**WHAT IS NEEDED**
Pictures are to be left out. Copy exactly, and only, the lines from the start of the entries below to the line with "Fotografia 4 – O drible", both included.
———
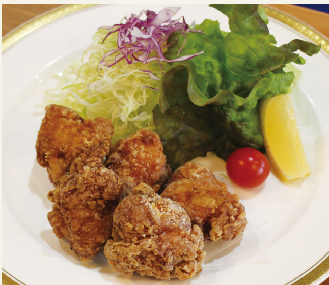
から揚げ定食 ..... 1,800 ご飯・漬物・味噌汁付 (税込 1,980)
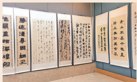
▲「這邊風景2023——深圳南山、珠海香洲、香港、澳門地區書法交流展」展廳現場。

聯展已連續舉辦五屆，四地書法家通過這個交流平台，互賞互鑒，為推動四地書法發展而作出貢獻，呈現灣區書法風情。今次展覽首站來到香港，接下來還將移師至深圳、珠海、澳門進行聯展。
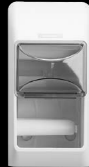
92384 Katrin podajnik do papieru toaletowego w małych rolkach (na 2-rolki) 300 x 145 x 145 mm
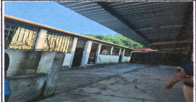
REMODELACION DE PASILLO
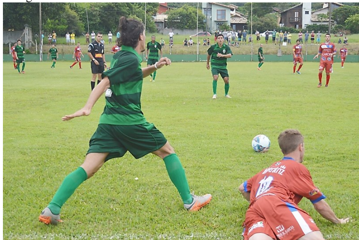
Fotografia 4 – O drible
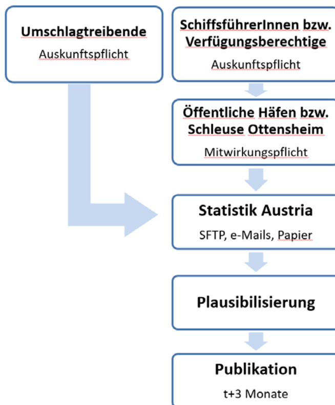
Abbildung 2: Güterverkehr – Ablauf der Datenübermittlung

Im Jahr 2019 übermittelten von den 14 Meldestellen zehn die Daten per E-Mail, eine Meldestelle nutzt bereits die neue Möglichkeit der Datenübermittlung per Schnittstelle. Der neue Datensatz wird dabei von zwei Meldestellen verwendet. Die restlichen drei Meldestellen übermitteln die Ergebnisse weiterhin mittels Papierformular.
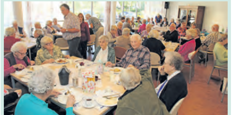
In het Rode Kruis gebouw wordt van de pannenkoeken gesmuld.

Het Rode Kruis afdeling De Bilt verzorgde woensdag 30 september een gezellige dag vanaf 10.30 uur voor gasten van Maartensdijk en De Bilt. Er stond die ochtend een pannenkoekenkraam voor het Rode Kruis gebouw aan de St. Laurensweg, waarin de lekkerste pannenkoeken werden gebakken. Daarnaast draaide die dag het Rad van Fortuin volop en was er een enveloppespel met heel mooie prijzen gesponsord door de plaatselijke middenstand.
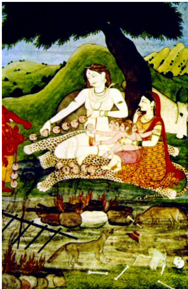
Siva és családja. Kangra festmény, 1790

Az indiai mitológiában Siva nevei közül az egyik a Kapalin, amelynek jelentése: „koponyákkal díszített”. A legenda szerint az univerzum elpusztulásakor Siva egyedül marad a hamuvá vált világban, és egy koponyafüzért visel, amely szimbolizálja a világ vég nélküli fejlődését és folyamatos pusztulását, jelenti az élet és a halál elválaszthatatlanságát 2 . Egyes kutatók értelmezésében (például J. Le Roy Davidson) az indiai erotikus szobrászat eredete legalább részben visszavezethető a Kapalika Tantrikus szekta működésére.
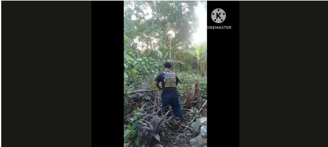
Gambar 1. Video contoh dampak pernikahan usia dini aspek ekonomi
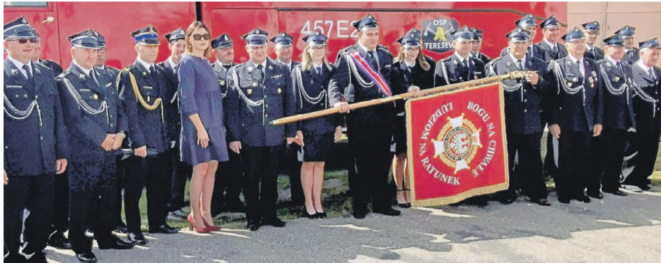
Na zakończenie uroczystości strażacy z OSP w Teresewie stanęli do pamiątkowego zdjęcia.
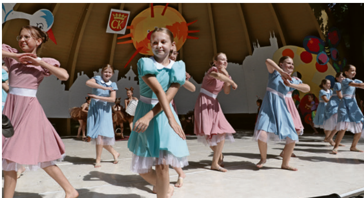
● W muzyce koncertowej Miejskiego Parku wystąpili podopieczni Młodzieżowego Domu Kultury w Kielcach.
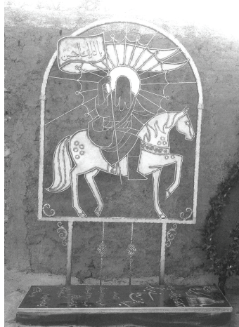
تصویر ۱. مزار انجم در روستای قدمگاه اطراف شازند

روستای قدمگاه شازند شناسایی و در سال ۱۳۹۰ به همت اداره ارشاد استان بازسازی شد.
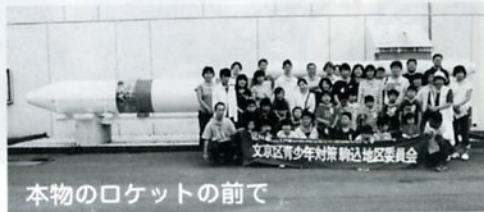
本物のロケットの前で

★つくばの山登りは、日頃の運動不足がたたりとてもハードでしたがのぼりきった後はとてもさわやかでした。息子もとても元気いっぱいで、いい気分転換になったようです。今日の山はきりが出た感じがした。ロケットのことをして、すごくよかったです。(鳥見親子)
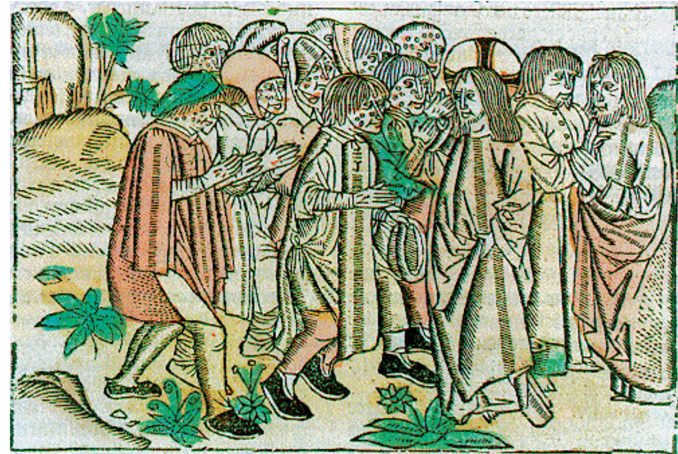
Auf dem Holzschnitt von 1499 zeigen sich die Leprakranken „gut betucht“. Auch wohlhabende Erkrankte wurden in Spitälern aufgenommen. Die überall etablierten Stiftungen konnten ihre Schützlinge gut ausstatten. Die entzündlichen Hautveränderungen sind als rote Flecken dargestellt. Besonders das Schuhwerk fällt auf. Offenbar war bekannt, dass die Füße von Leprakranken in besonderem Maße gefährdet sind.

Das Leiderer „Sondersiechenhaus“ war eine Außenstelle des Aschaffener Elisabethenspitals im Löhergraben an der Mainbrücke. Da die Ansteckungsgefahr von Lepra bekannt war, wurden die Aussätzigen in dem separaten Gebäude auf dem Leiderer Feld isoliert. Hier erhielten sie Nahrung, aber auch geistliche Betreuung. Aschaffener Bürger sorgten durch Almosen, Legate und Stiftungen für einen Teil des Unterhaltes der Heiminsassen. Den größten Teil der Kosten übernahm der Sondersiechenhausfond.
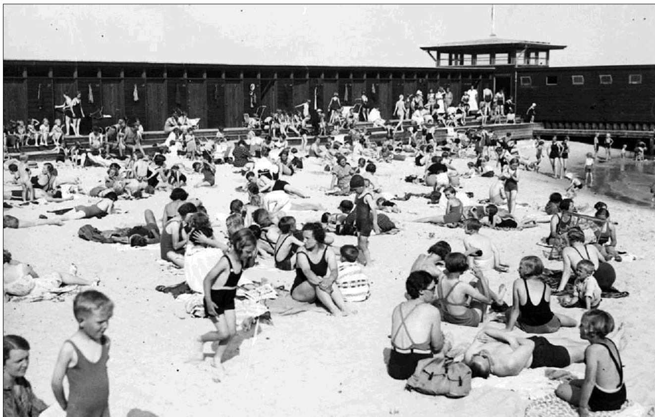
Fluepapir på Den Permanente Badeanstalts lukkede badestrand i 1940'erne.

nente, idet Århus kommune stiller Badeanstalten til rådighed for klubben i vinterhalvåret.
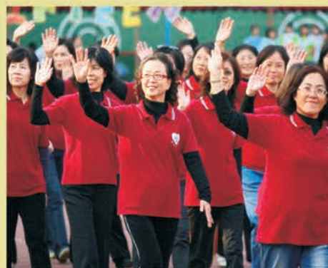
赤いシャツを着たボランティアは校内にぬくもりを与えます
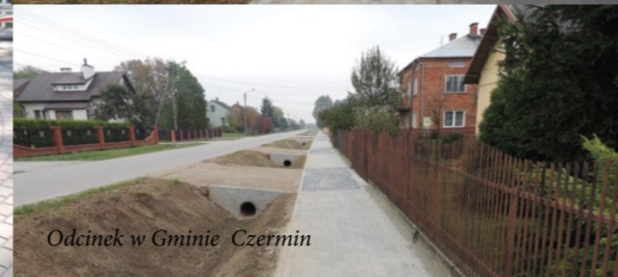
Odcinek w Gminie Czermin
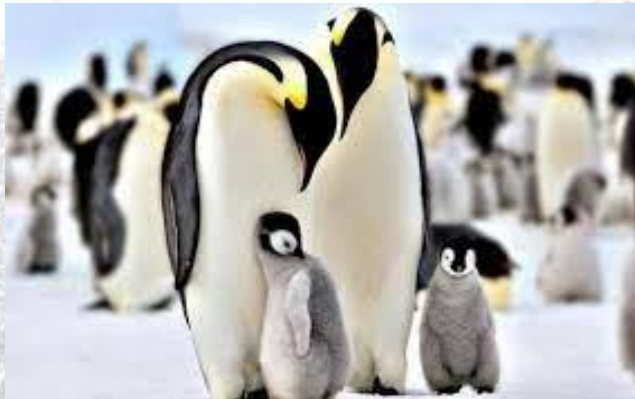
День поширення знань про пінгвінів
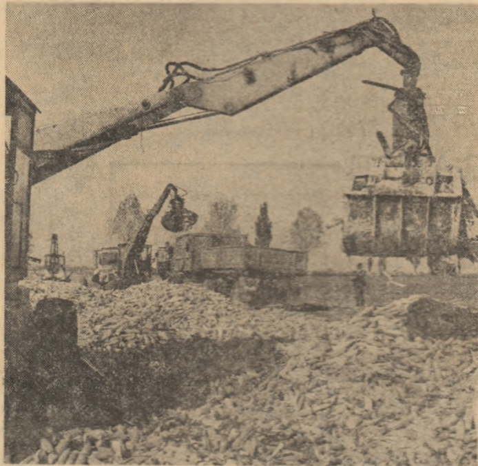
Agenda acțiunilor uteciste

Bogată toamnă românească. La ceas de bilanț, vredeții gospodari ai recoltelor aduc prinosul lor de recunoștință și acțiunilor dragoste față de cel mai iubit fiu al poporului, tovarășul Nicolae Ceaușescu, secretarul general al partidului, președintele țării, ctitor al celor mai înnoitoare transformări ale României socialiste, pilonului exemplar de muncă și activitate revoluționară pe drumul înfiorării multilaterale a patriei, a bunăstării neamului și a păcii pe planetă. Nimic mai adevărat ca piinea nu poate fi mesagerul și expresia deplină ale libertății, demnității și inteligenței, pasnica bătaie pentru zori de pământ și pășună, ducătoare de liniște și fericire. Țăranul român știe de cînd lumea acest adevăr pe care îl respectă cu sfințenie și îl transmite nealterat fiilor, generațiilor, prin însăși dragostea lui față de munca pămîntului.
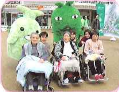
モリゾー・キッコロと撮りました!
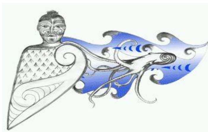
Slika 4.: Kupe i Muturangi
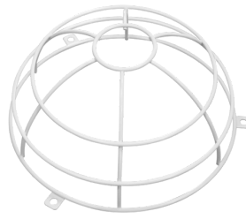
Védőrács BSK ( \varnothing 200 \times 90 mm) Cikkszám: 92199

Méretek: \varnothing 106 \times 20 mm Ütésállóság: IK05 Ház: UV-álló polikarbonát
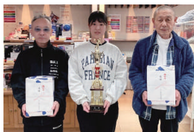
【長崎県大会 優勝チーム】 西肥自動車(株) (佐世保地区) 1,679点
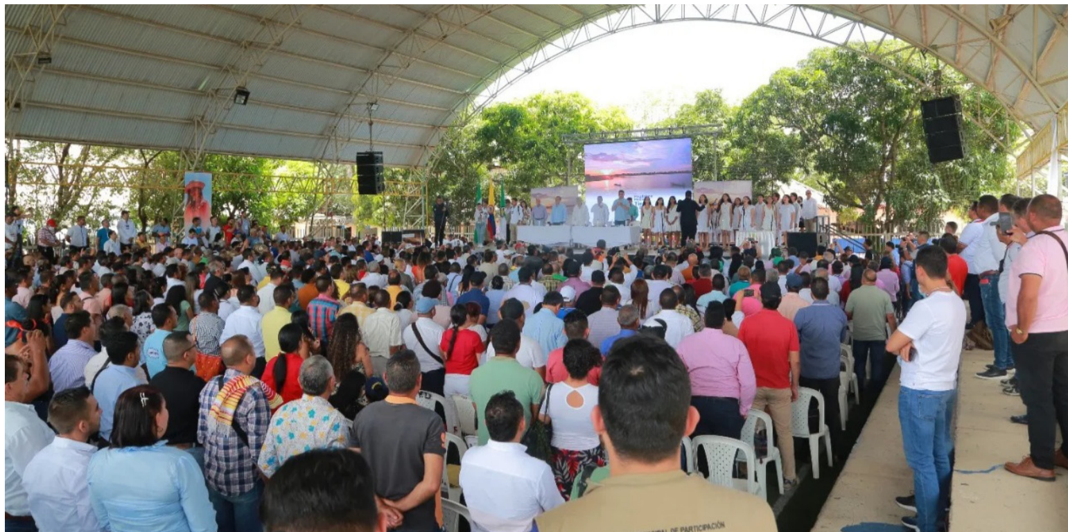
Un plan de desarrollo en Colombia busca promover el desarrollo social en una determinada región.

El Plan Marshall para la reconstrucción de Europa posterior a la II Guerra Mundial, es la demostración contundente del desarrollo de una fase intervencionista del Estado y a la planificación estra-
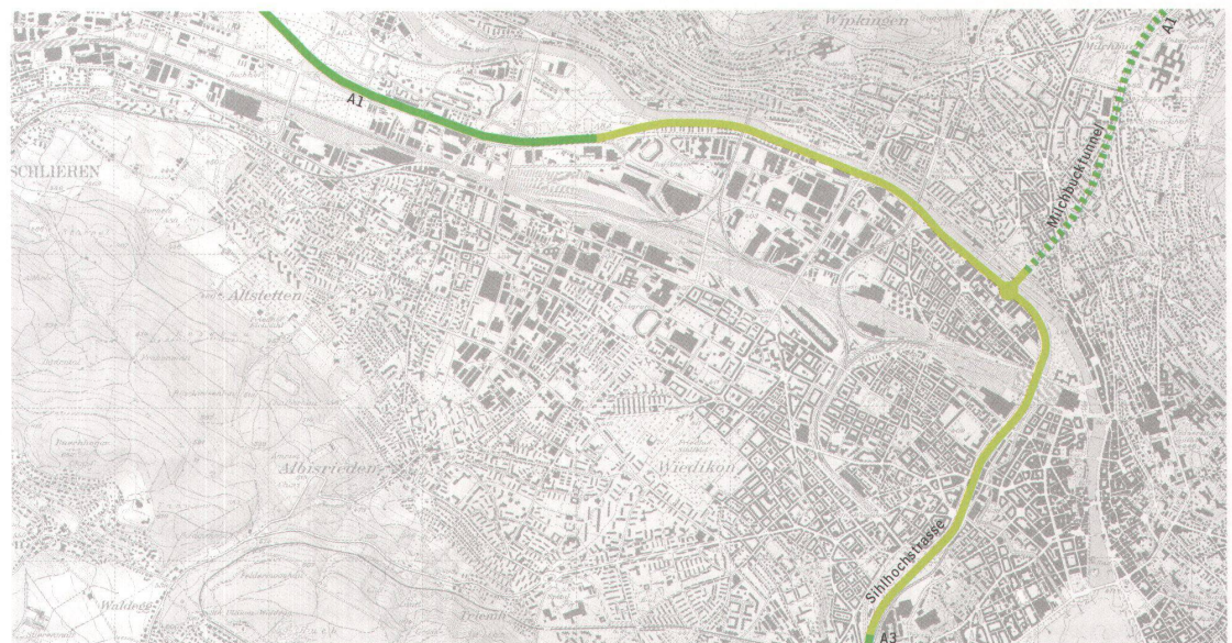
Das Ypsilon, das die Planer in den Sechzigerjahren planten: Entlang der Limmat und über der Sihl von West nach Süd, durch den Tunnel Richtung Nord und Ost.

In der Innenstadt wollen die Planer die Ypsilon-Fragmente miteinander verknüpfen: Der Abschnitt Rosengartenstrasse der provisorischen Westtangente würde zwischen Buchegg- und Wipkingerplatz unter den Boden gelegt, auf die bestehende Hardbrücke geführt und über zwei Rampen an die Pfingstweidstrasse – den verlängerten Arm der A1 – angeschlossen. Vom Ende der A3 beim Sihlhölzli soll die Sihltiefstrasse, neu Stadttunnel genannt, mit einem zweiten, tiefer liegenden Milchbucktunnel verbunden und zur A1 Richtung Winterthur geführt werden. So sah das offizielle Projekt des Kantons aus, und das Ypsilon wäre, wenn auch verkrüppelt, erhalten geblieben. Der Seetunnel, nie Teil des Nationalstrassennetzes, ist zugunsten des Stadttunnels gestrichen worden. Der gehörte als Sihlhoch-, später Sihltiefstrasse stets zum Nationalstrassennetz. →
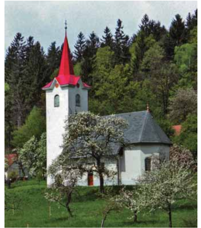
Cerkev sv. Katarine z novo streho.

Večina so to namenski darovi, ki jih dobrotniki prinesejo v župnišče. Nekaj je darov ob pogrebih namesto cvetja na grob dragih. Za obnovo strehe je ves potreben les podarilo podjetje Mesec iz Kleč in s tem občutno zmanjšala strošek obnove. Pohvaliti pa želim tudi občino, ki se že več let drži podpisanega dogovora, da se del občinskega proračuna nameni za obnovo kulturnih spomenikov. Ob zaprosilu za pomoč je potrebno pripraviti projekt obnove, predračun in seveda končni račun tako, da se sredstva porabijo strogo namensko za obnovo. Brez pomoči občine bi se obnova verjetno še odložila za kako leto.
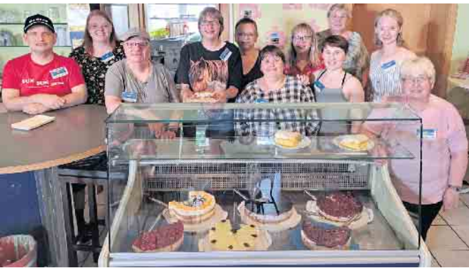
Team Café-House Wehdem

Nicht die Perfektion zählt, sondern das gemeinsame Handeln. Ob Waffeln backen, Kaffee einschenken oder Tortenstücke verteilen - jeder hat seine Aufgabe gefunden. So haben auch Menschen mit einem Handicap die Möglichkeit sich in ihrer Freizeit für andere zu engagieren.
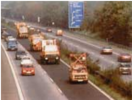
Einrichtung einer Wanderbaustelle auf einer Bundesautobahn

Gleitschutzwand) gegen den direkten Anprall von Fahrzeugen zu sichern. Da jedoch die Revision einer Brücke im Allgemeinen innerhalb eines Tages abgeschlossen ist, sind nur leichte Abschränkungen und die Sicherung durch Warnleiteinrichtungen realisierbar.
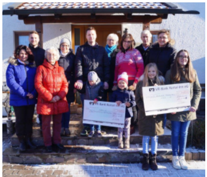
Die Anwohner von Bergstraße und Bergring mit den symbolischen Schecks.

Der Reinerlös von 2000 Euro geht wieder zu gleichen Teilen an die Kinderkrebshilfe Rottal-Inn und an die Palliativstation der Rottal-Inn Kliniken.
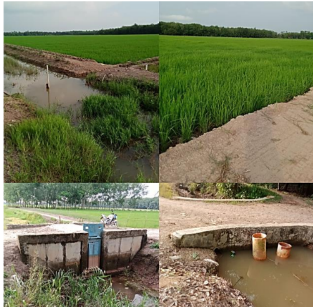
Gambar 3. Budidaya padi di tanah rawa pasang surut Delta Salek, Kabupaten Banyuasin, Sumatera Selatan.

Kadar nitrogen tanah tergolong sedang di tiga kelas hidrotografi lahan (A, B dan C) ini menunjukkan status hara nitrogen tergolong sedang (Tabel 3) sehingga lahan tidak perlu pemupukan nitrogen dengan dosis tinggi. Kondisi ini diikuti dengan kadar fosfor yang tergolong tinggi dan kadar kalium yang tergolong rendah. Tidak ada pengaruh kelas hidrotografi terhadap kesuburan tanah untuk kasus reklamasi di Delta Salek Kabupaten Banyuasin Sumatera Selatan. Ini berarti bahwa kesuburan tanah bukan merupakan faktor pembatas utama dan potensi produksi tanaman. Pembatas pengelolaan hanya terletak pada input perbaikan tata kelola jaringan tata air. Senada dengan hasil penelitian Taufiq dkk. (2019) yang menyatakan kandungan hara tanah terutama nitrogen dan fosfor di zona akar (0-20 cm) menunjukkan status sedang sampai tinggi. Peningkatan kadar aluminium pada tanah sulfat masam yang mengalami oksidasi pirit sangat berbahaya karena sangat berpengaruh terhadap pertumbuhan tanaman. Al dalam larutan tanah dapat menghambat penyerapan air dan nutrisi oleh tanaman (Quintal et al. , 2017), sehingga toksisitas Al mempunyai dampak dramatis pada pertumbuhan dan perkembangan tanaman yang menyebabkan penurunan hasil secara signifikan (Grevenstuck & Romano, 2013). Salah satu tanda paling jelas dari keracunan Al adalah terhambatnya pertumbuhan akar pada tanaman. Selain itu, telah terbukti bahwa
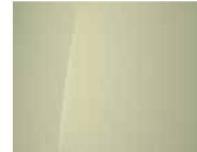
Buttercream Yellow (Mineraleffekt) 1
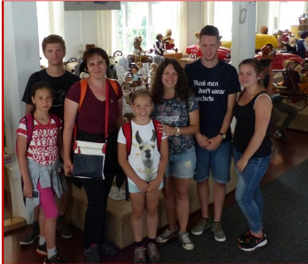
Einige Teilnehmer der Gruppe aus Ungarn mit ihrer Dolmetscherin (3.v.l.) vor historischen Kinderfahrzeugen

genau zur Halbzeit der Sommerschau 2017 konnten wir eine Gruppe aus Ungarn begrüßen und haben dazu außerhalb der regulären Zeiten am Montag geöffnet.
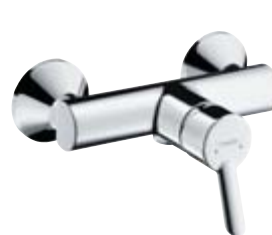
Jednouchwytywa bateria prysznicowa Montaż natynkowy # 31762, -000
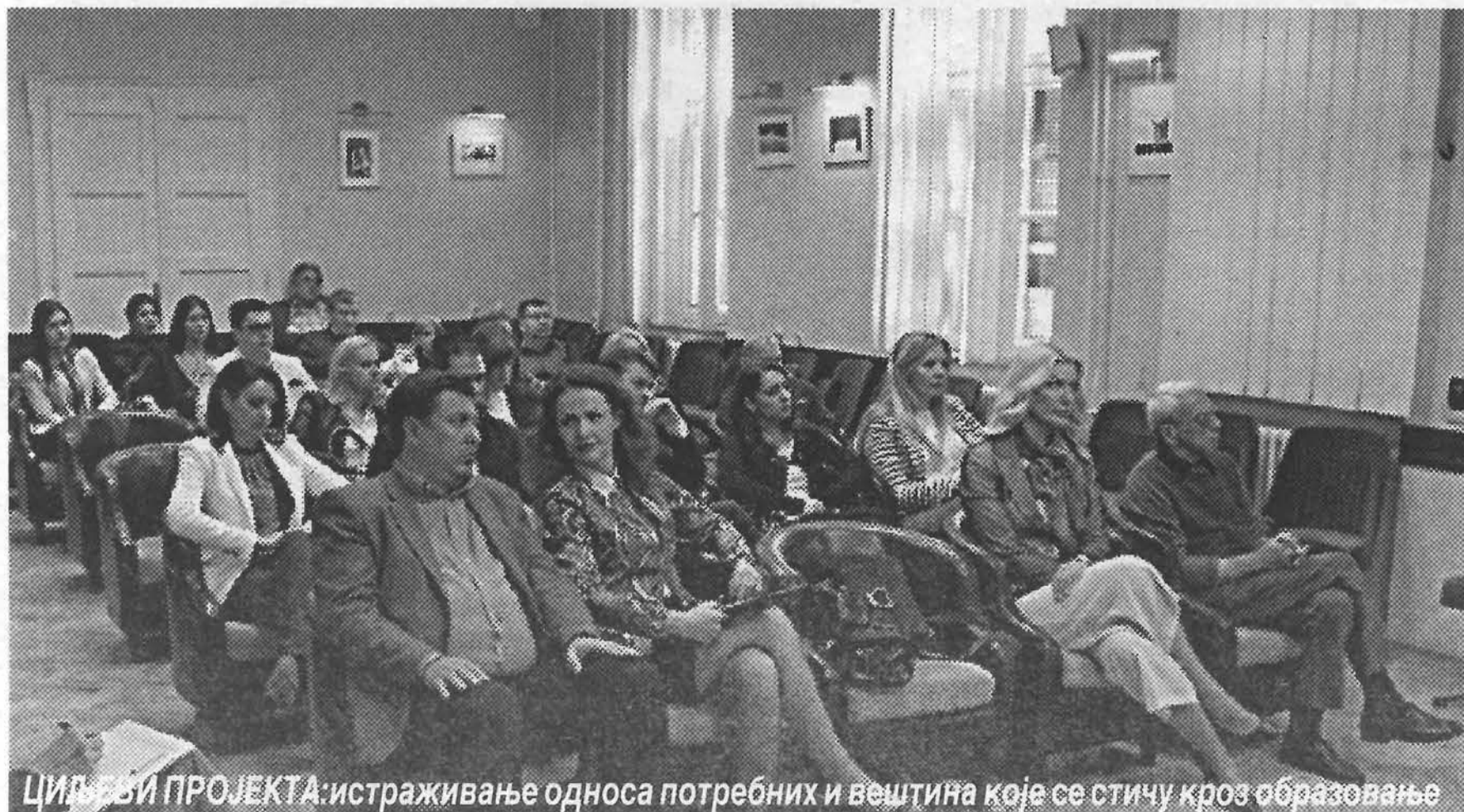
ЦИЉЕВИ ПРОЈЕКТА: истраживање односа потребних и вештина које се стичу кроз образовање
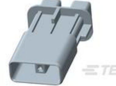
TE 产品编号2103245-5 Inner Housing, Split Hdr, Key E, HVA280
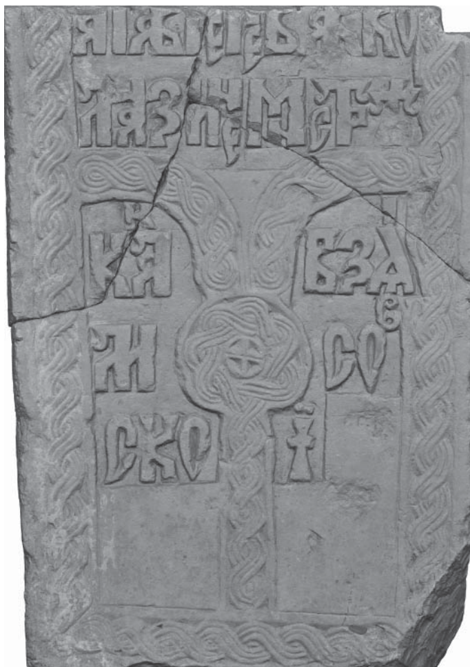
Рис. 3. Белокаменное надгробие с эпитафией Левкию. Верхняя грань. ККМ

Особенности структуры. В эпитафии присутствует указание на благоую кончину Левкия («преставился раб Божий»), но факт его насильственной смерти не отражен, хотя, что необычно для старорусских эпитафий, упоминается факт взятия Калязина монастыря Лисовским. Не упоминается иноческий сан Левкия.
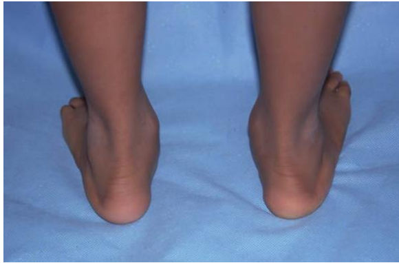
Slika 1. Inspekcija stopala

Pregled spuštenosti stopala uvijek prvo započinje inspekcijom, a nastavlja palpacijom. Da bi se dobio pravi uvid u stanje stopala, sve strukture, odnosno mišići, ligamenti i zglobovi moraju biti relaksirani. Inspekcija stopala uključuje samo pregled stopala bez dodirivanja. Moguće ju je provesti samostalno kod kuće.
———
**ANSWER BOX**
から揚げ定食 ..... 1,800 ご飯・漬物・味噌汁付 (税込 1,980)
▲「這邊風景2023——深圳南山、珠海香洲、香港、澳門地區書法交流展」展廳現場。

聯展已連續舉辦五屆，四地書法家通過這個交流平台，互賞互鑒，為推動四地書法發展而作出貢獻，呈現灣區書法風情。今次展覽首站來到香港，接下來還將移師至深圳、珠海、澳門進行聯展。
92384 Katrin podajnik do papieru toaletowego w małych rolkach (na 2-rolki) 300 x 145 x 145 mm
REMODELACION DE PASILLO
Fotografia 4 – O drible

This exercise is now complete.